Он пережил ненависть, психическое сопротивление мира; и тем самым выбил незаменимую опору из морального духа своих врагов. Остальное сделал его радикализм, его готовность идти до конца, глубина его решимости, которая казалась его противникам одновременно такой оскорбительной и такой страшной, как странная и дикая собака — в конце концов, они все содрогались перед ним. Его моральное преимущество заключалось в том, что для него это всегда был вопрос жизни и смерти, и это давало ему чувство абсолютных ценностей, о которых другие ничего не знали. Я не буду говорить о его гениальности как стратега, будучи профаном в этой области. И я не хочу говорить о его «удаче»; ибо всегда глупо отделять удачу от других достоинств человека и считать ее незаслуженной, вместо того чтобы считать ее частью всего остального. Все же, если хотите, ему везло. Он был на грани уничтожения, когда Елизавета Российская предалась своим любовным делам и оставила править бедного простака по имени Петр, причем этот Петр восхищался Фридрихом до идолопоклонства, так что он сразу же заключил с ним мир. Но королю пришлось выиграть еще несколько сражений, прежде чем остальные наконец увидели, что это безнадежно, и ушли с поля боя, устав. Он вернулся домой.

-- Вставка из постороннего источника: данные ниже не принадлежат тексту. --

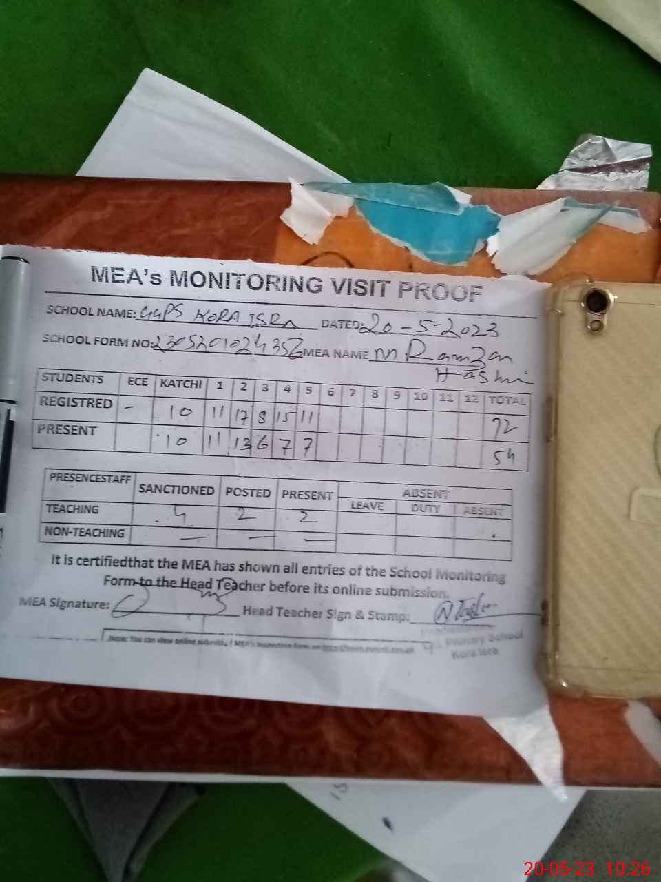 | Attendance Register | Head Teacher | MEA with School | Visit Proof |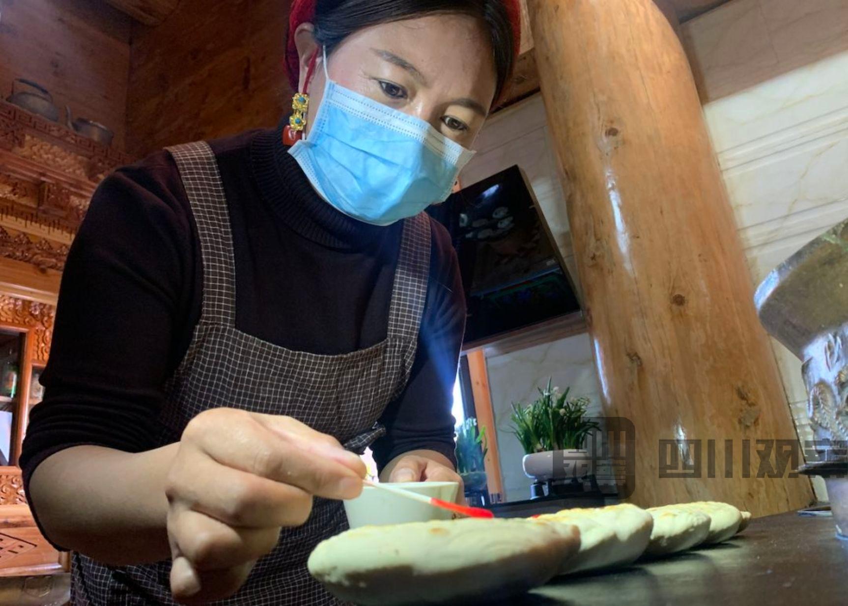 道孚县鲜水镇团结二村村民 亚玛青初:“我们原来这个花馍馍只有在中秋节的时候做。这次在藏历年做呢,主要是希望工作在一线的医护人员和工作人员能够平平安安,早日和家人团聚。”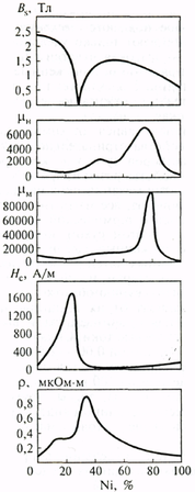 ис. 15.1. Зависимость магнитных свойств и удельного сопротивления железоникелевых сплавов от содержания никеля

Он не выиграл ничего осязаемого, а его территории были разорены, обезлюдели, обнищали, одичали. Но Пруссия выстояла, ни одна деревня не была потеряна; Силезия была в безопасности, а цель Великой коалиции — полный провал. Это было глубокое унижение для континента от рук одного человека. Вердикт судьбы, вопреки всем вероятностям, был вынесен в его пользу; в конечном счете это было невозможно оспорить. Им пришлось уступить дорогу Пруссии, Германии, чтобы она следовала своим собственным путем — путем, который с тех пор оказался таким же крутым и роковым, таким же полным многообразных и поучительных поворотов судьбы, как любой путь, которым когда-либо ступал народ.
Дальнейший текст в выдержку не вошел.